Outro axioma era quanto à inserção internacional escolhida. A “boa razão” mandava abandonar a política ”terceiro-mundista” do governo Lula e eleger a Alca como objetivo maior. Afinal ganharíamos em escala com uma associação efetiva aos interesses dos Estados Unidos. Mais sensato do que tentar unir o que assimetrias regionais tornavam demasiadamente custoso. A América Latina- e nisso os plantonistas do neoliberalismo ainda insistem - sempre foi uma impossibilidade histórica.
Tudo era tão cristalino que só a má-fé ideológica poderia contestar. Esse não era o discurso único de consultores e jornalistas? Gente acostumada com números, índices e crenças inabaláveis? Pessoas que não costumavam errar, “profissionais do mercado”, figuras centrais de um mundo pós-keynesiano em que os agentes alocavam, com perfeição, almas e recursos. Quebrado o encanto, vislumbraram o horror econômico, um pânico nunca imaginado no paraíso de Hayek.
O CAPITAL
Tivessem diversificado a leitura e a perplexidade com a crise financeira seria menor. Bastava uma leitura atenta ao livro três, do quinto volume de O Capital. Lá, o velho Marx demonstra por que seu pensamento ainda é o de maior relevância explanatória quando se quer entender o capitalismo. Os trechos escolhidos são a evidência da vitalidade teórica. Mostram a atualidade de uma análise vigorosa que, por decreto ideológico, foi relegada ao plano das idéias ultrapassadas.
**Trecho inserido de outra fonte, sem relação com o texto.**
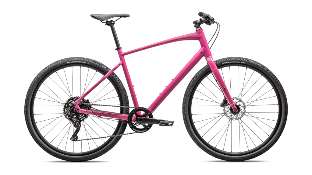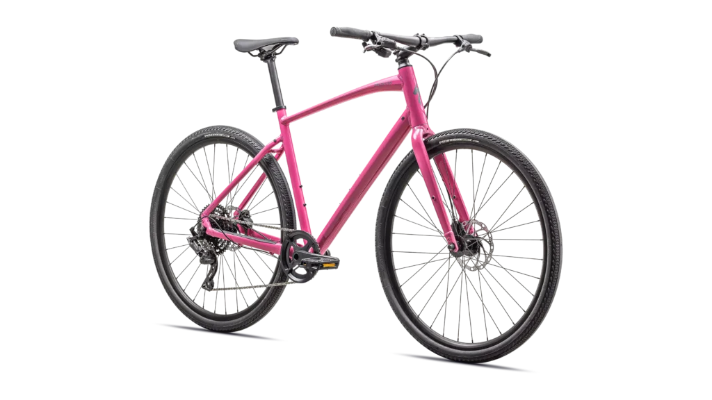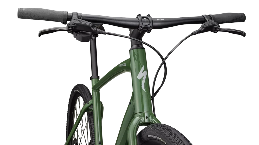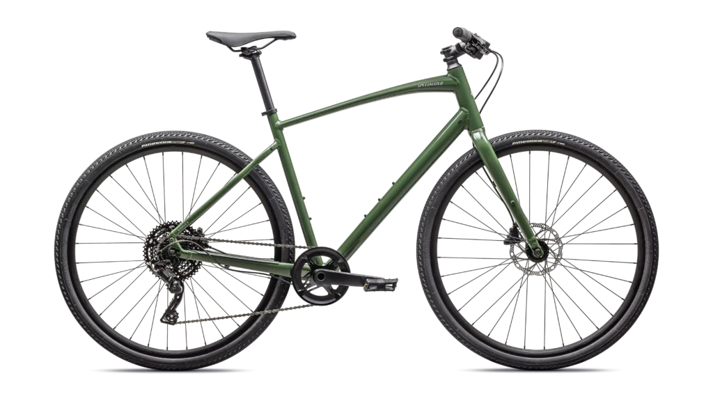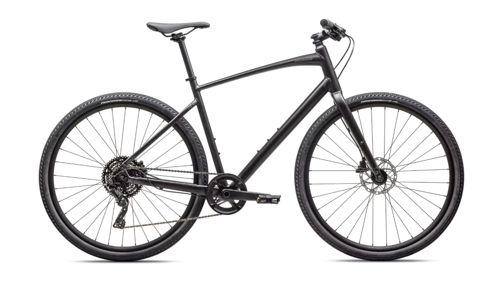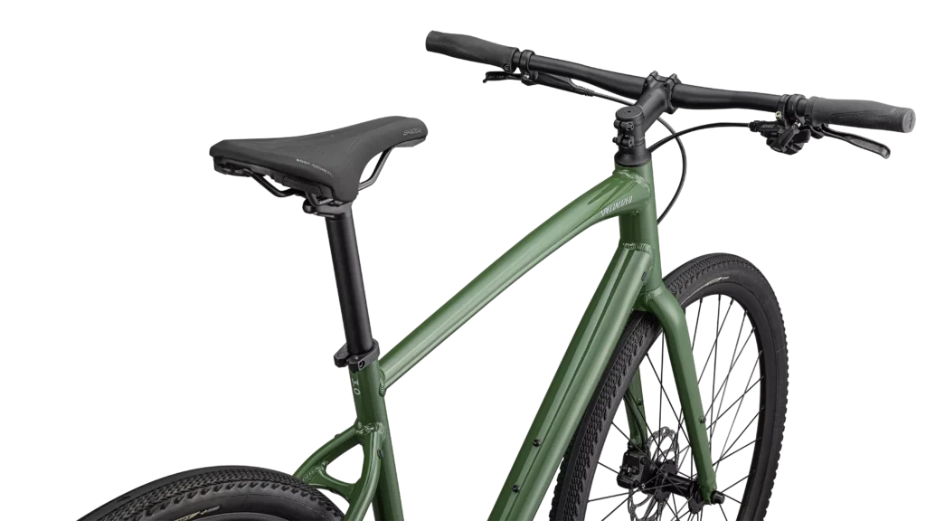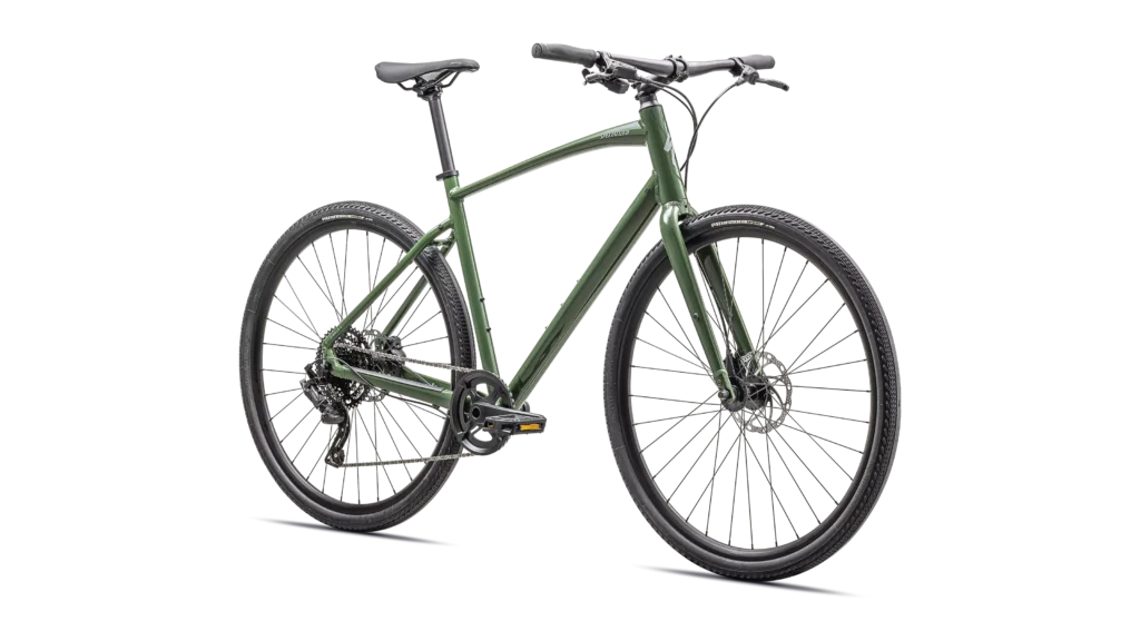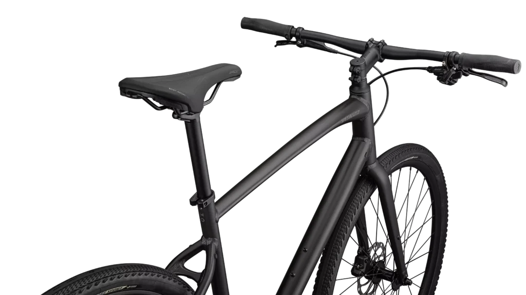 Specialized A1 Premium Aluminum, Fitness Geometry, butted tubing, internal cable routing, flat-mount disc, quick-release, Plug + Play rack/fender mounts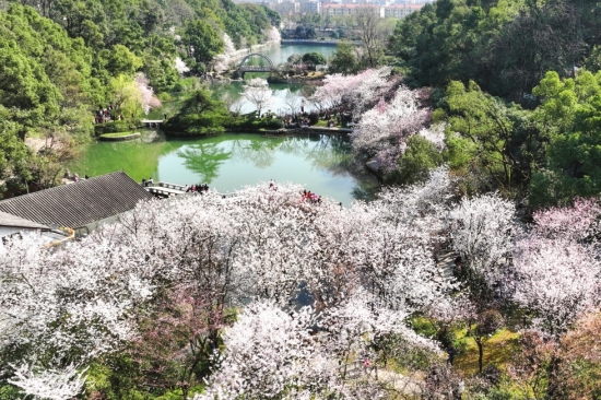 长沙望月公园是一座汉文化主题公园,园内栽有山樱花近300株,系中国本土樱花品种,分布在公园铜盆湖湖畔、玉璧广场、汉乐区附近,现在已经迎来最佳观赏期。

“Num sistema de produção em que o mecanismo do processo de reprodução repousa sobre o crédito, se este cessa bruscamente admitindo-se apenas pagamento de contado, deve evidentemente sobrevir crise, corrida violenta aos meios de pagamento. Por isso, à primeira vista, toda crise se configura como simples crise de crédito e crise de dinheiro. E na realidade trata-se apenas da conversibilidade das letras em dinheiro. Mas, essas letras representam, na maioria dos casos, compras e vendas reais cuja expansão ultrapassa de longe as exigências da sociedade, o que constitui, em última análise, a razão de toda a crise”.
“Ademais, massa enorme dessas letras representa especulações puras que desmoronam à luz do dia; ou especulações conduzidas com capital alheio, porém, mal sucedidas: finalmente, capitais-mercadorias que se depreciaram ou ficaram mesmo invendáveis, ou retornos irrealizáveis de capital”.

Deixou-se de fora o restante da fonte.